Его глаза – эти глашатаи духа – вдруг сверкнули в мою сторону. В моем сознании мелькнуло: вот, он сейчас думает нечто подобное тому, о чем говорят ангелы-близнецы! И он в самом деле думал так, только выразил это иначе.
– Ваше положение потому обусловлено метафизически, – продолжал он, – что некоторые из ваших сограждан еще имеют метафизические потребности и таким образом связаны с метафизическим. Народ есть некое единство, обладающее общими святынями. Имеет ли конкретный человек какое-то отношение к ним, в определенной степени несущественно, важно лишь, чтобы он признавал и исполнял обязанность относиться к ним с благоговением.
Он еще какое-то время говорил об этом, упоминая, как и в первый мой вечер в Гейдельберге, некоторые великие имена немецкой культурной истории. И каждый раз, называя то или иное имя, он сам казался воплощенным благоговением и в то же время олицетворением всего, что внушает благоговение. И я испытывала перед ним невыразимое благоговение, к которому, однако, примешивалась легкая, но постоянно растущая боль. И вдруг мне опять вспомнилась моя драгоценная бабушка – сияющий образ моего опекуна как будто неуклонно приближался к ней в последние, полные страданий минуты жизни.
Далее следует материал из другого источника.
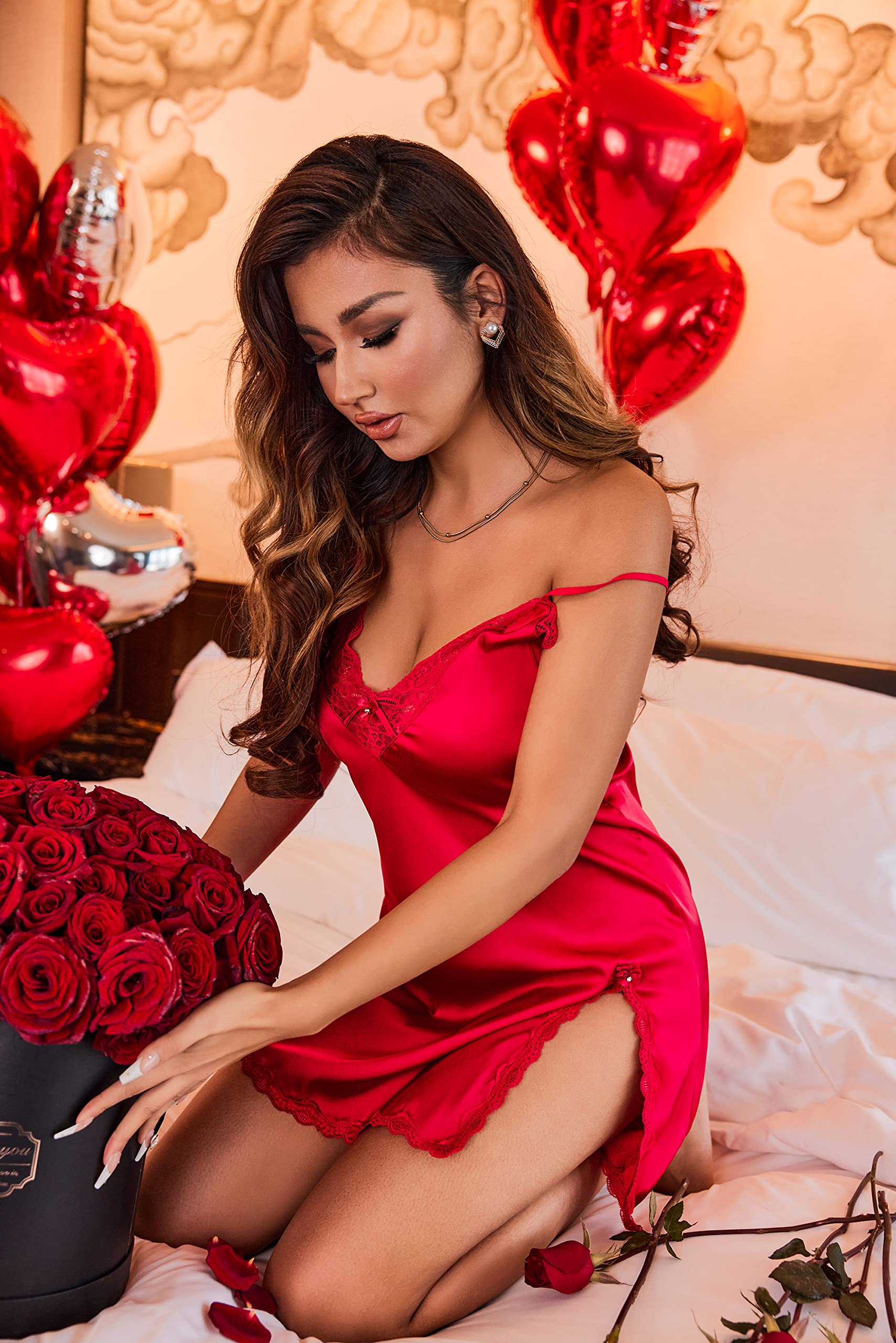 Occasions:Womens A-line style bridal lingerie, V neck babydoll, lace lingerie sleep dress, adjustable straps chemise sleepwear is a perfect gift for yourself or friends as a sleepwear, nightwear, loungwear, pajamas. Perfect for Christmas party, Valentine’s Day, date nights, wedding nights, honeymoon nights, role play and lingerie party

И все же он, в своей неувядающей молодости и заразительной живости сидящий в кругу учеников, казался мне бесконечно далеким от ее незабвенного, отмеченного смертью лика – никогда он не казался мне могущественнее, чем в тот вечер, когда возвещал и утверждал это нерушимое благоговение! Оно окутало его облаком недосягаемого величия, – или это просто многие поколения наших предков, чье наследство он оберегал и защищал, теперь обступили его незримой стеной, как почетный караул? Может быть, в этом и заключалась причина его пугающей близости к бабушке, которая вновь и вновь с кажущейся случайностью бросалась мне в глаза? Ибо она, без сомнения, стояла бы в этом невидимом «почетном карауле». Как, впрочем, и мой отец. Эта мысль привела меня в такое волнение, что я не заметила, как над освещенной зарницами долиной Рейна глухо зарокотал гром.
Я вдруг опять почувствовала на себе взгляд Энцио, на этот раз почти как физическое прикосновение, как будто он схватил меня своим взглядом, чтобы оторвать от моего опекуна, – сама я смотрела на профессора. В следующий миг я поняла: сейчас произойдет чудовищное столкновение. И оно произошло – и было в самом деле чудовищным. Энцио изъявил желание вступить в дискуссию и попросил слова.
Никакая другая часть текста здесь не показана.